Infirmiers(ères), aide-soignants(es), aides à domicile, kinés(ées) se sont une nouvelle fois réunis dans la rue pour confier leurs attentes ainsi que leurs revendications alors que le « Ségur de la Santé » s’achève vendredi, mais pas leur ras-le-bol, reflet de conditions de travail qui se dégradent d’années en années symptomatique d’un manque de reconnaissance…

Beaucoup ont le sentiment que la prime « Covid » n’est qu’un pansement sur une jambe de bois et ne sert qu’à apaiser les tensions sous répondre aux vraies attentes du personnel soignant.

Mickaël et Isabelle représentants du personnel soignant

Ci dessous l’interview d’Isabelle aide soignante et représentante CFDT :

Isabelle est aide-soignante à l’Ephad Champs Manceaux, à Rennes, et déléguée CFDT.

« Nous, ce qu’on attend, c’est une revalorisation de nos professions, de meilleures conditions de travail et, surtout, des recrutements pour le bien-être de nos résidents.

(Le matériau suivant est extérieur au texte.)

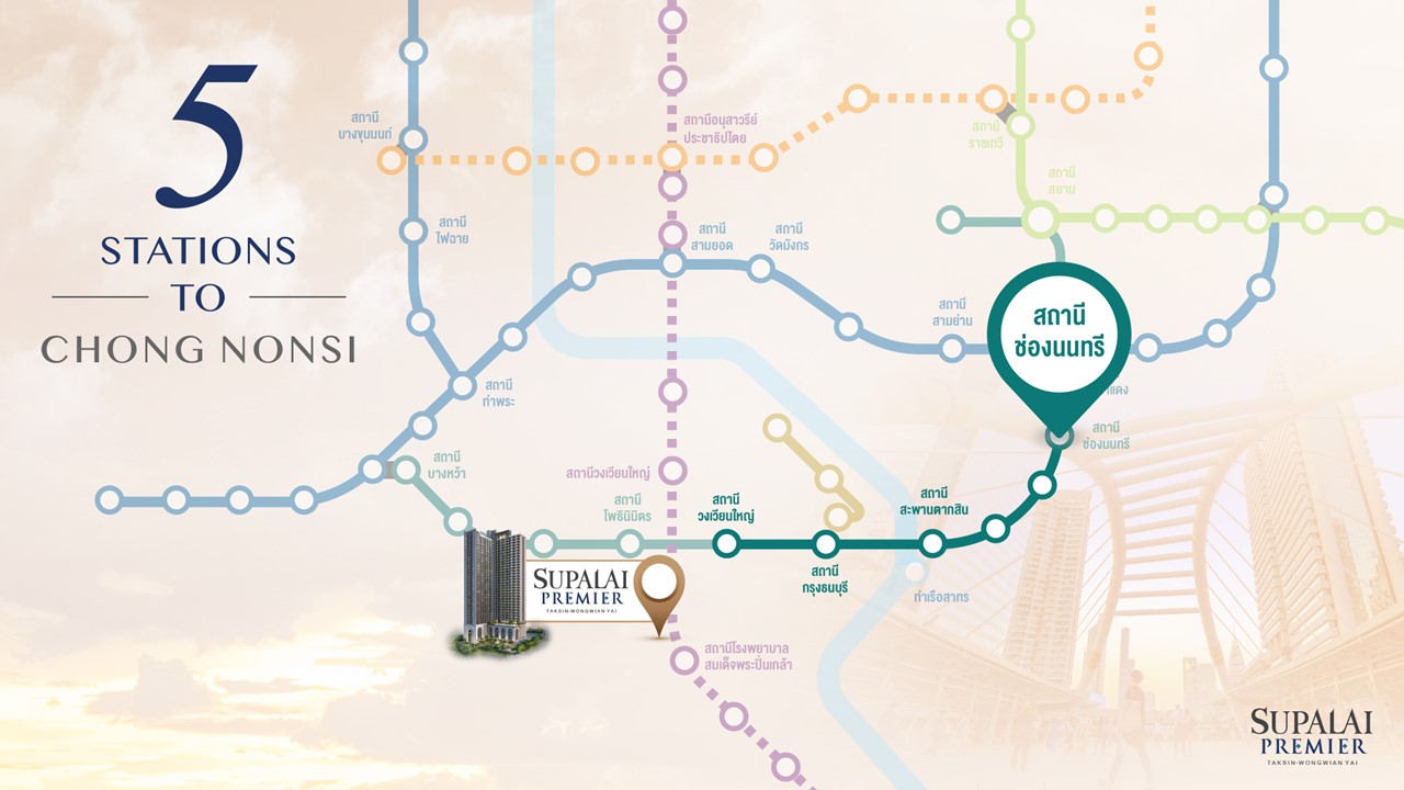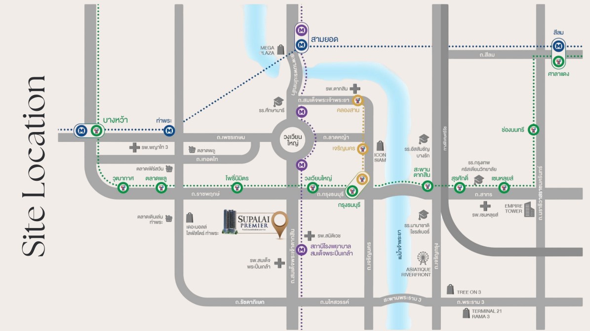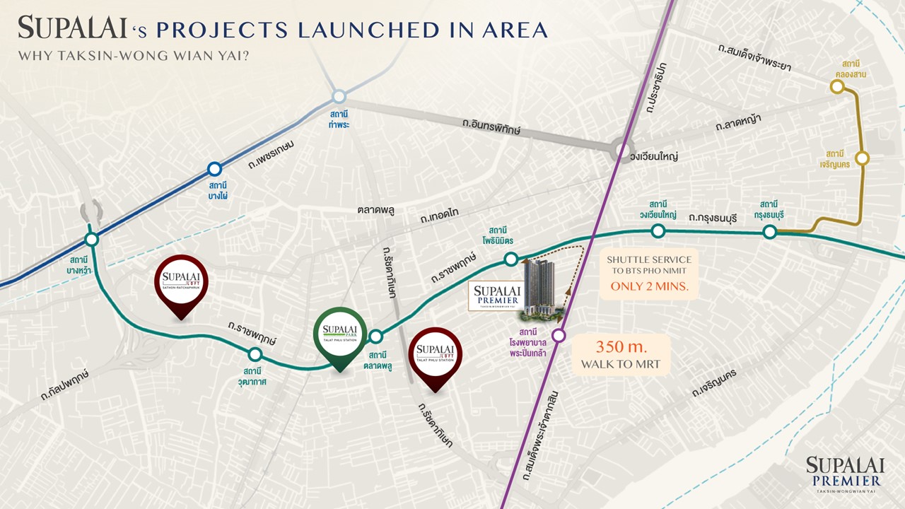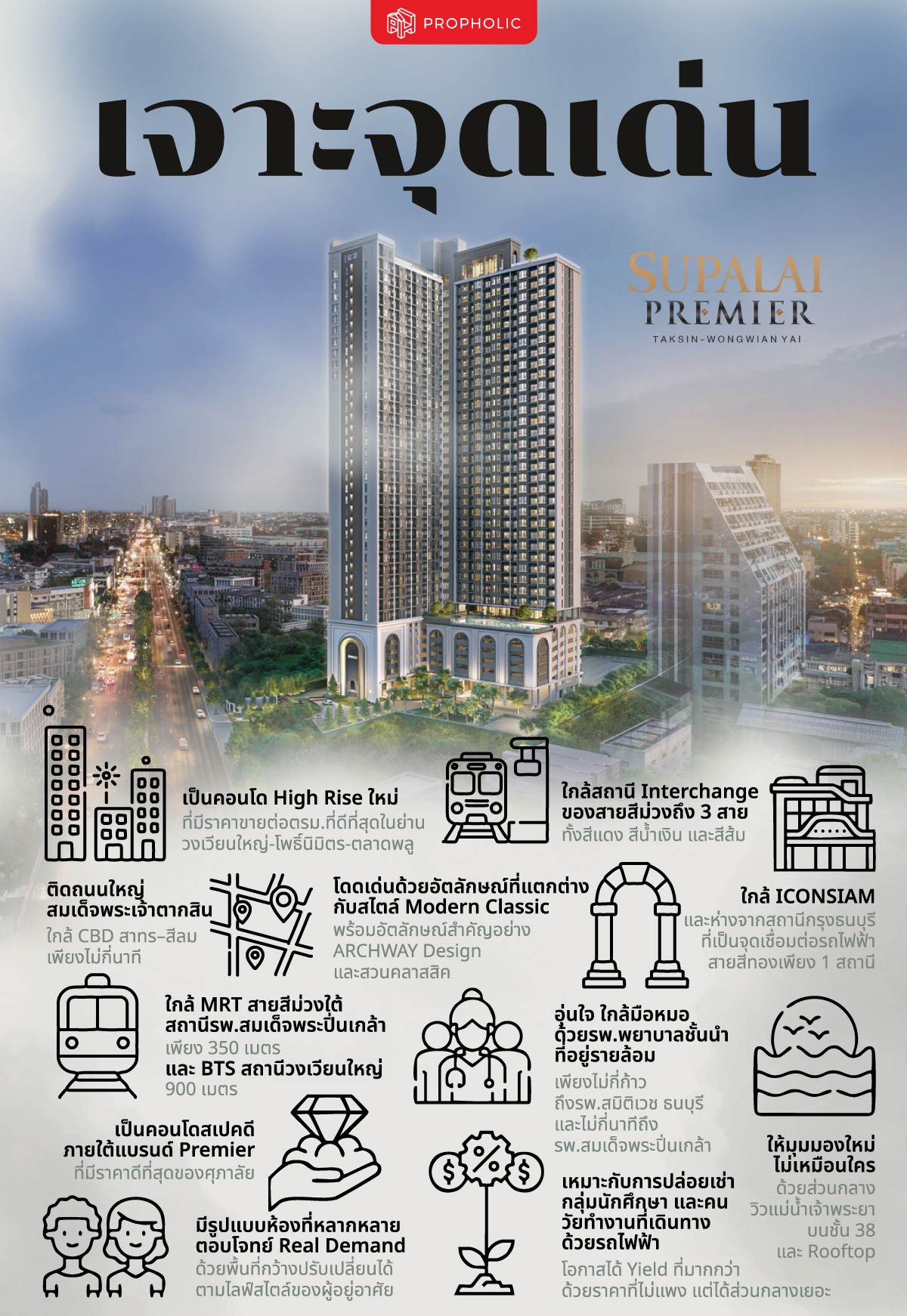 เป็นคอนโด Hi Rise ใหม่ ที่มีราคาขายต่อตารางเมตรที่ดีที่สุดในย่านวงเวียนใหญ่ – โพธิ์นิมิต – ตลาดพลู ติดถนนใหญ่สมเด็จพระเจ้าตากสิน ใกล้ CBD สาทร – สีลม เพียงไม่กี่นาที ใกล้ MRT สายสีม่วงใต้ สถานีโรงพยาบาลสมเด็จพระปิ่นเกล้า เพียง 350 เมตร และ BTS สถานีวงเวียนใหญ่ 900 เมตร ใกล้สถานี Interchange ของสายสีม่วงถึง 3 สาย ทั้งสีแดง สีน้ำเงิน และสีส้ม ใกล้ ICONSIAM และห่างจากสถานีกรุงธนบุรี ที่เป็นจุดเชื่อมต่อรถไฟฟ้าสายสีทองเพียง 1 สถานี อุ่นใจ ใกล้มือหมอด้วยโรงพยาบาลชั้นนำที่อยู่รายล้อม เพียงไม่กี่ก้าวถึงโรงพยาบาลสมิติเวช ธนบุรี และไม่กี่นาทีถึงโรงพยาบาลสมเด็จพระปิ่นเกล้า โครงการเป็นคอนโดสเปคดีภายใต้แบรนด์ Premier ที่มีราคาดีที่สุดของศุภาลัย โดดเด่นด้วยอัตลักษณ์ที่แตกต่างกับสไตล์ Modern Classic พร้อมอัตลักษณ์สำคัญอย่าง ARCHWAY Design และสวนคลาสสิค ให้มุมมองใหม่ไม่เหมือนใครด้วยส่วนกลางวิวแม่น้ำเจ้าพระยา บนชั้น 38 และ Rooftop มีรูปแบบห้องที่หลากหลายตอบโจทย์ Demand ด้วยพื้นที่กว้างปรับเปลี่ยนได้ ตามสไตล์ของผู้อยู่อาศัย เหมาะกับการปล่อยเช่ากลุ่มนักศึกษา และคนวัยทำงานที่เดินทางด้วยรถไฟฟ้า โอกาสได้ Yield ที่มากกว่า ด้วยราคาที่ไม่แพง แต่ได้ส่วนกลางเยอะ
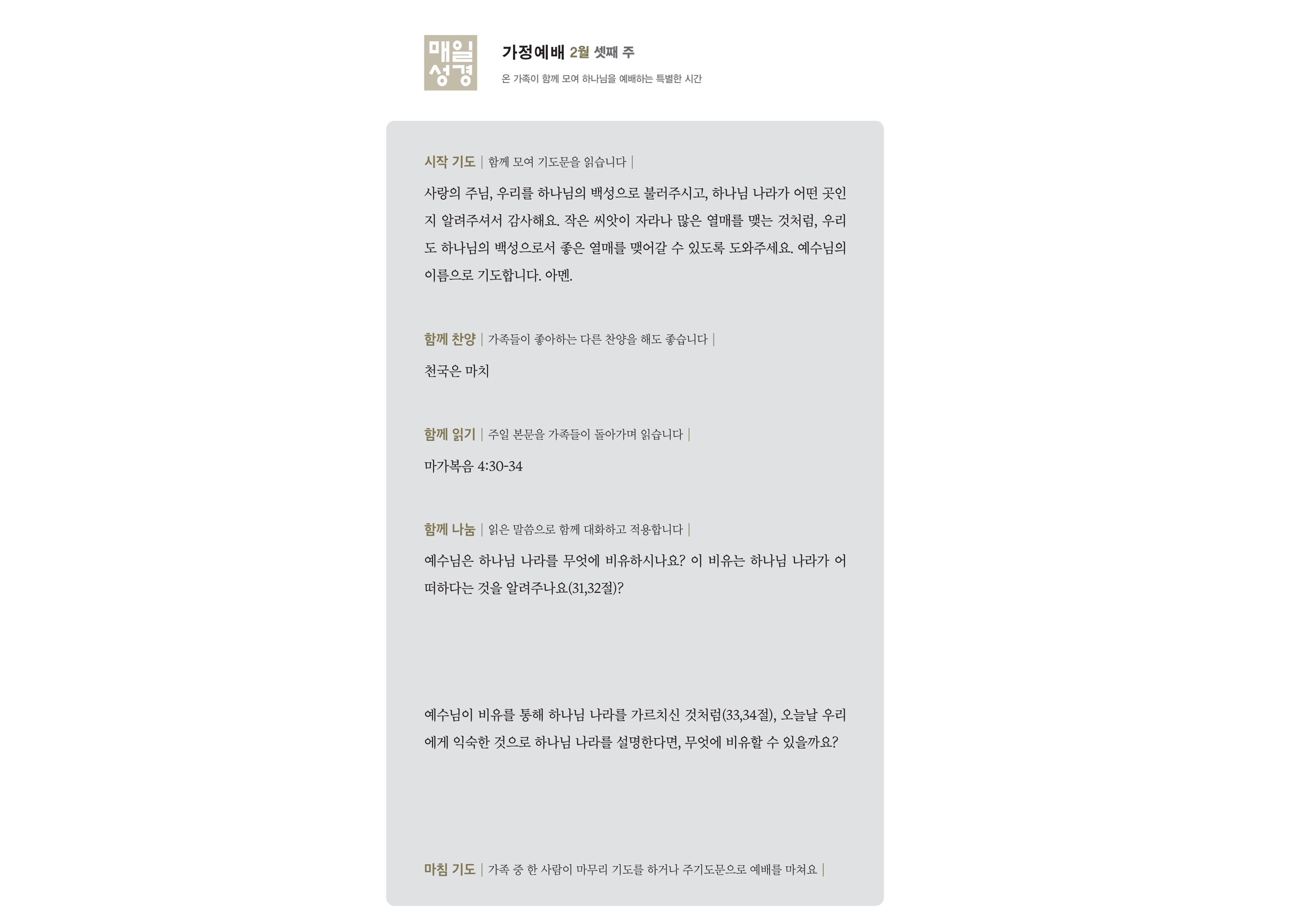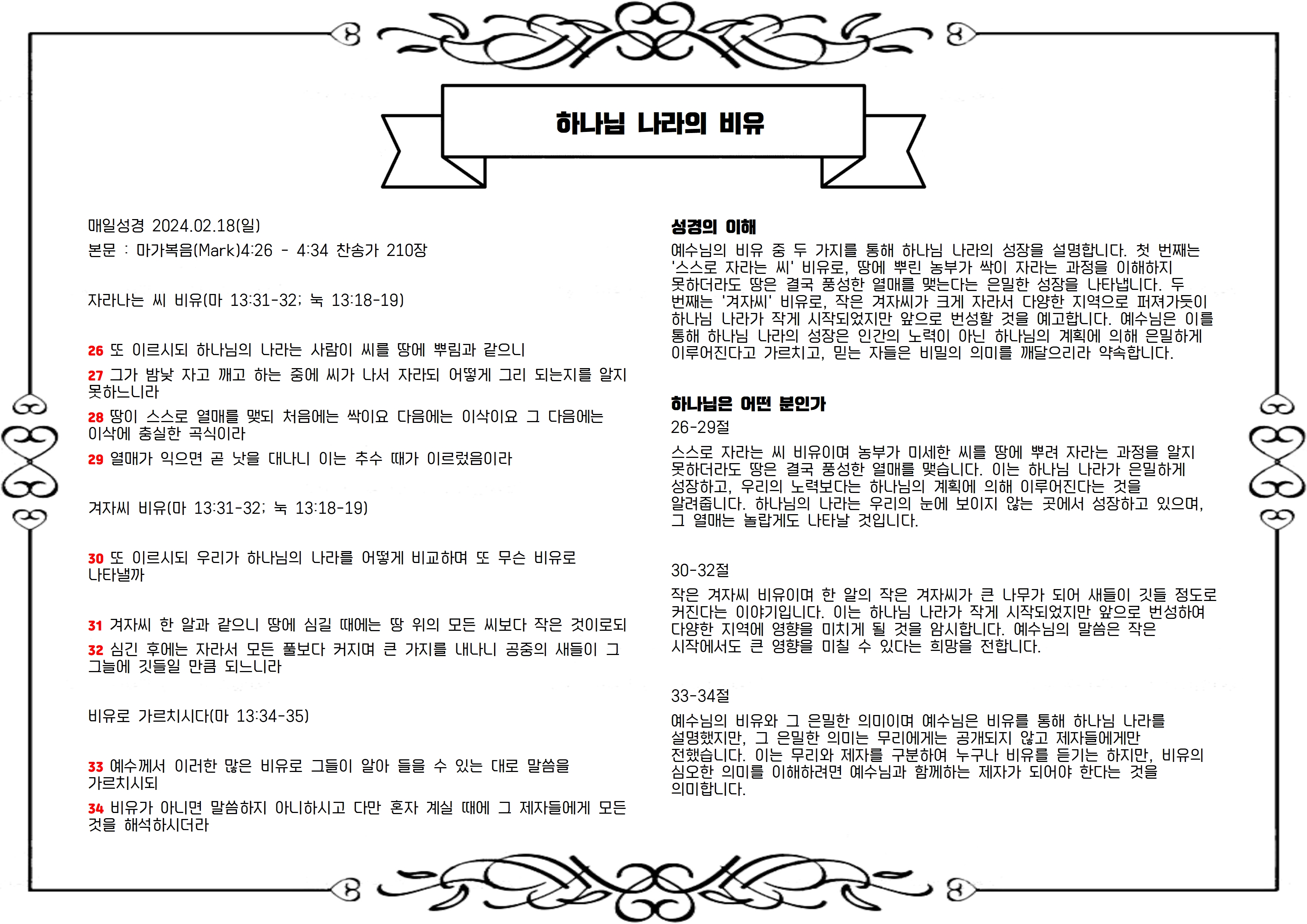 본문 : 마가복음(Mark)4:26 - 4:34 찬송가 210장

Lors du Covid, on a eu la chance d’avoir du personnel qui venait d’autres services, en renfort dans nos établissements. Et on a bien vu qu’on était mieux entourés et que les conditions de travail étaient autres. Ce qui nous manque, c’est des effectifs pour prendre soin de nos résidents, prendre soin aussi de nous parce qu’on a quand même un rythme assez speed, on va dire.

Ce qui est bizarre c’est qu’on s’intéresse aux personnels hospitaliers ou en Ephad depuis l’apparition du Covid. Je trouve ça un peu grave qu’on en arrive à ce point-là.

Parce que nos revendications, elles datent déjà de plusieurs années et que ça n’aboutit pas…« 

« Les 6 milliards, moi, je demande à voir. C’est très bien s’il y a une avancée mais, après, comment se fait la répartition ? Qu’est-ce qu’on en tire quoi ? Parfois, on nous promet des choses mais, au fil du temps, on voit que le budget ne représente pas grand-chose par rapport au nombre de salariés qui représentent le secteur médical.

Là, j’ai 25 ans d’expérience, voire 30 ans et je suis à 1 700 euros nets, primes comprises. Des primes qui ne sont pas prises en compte dans nos retraites. Et au total, ça peut faire une sacrée différence quand on part en retraite. »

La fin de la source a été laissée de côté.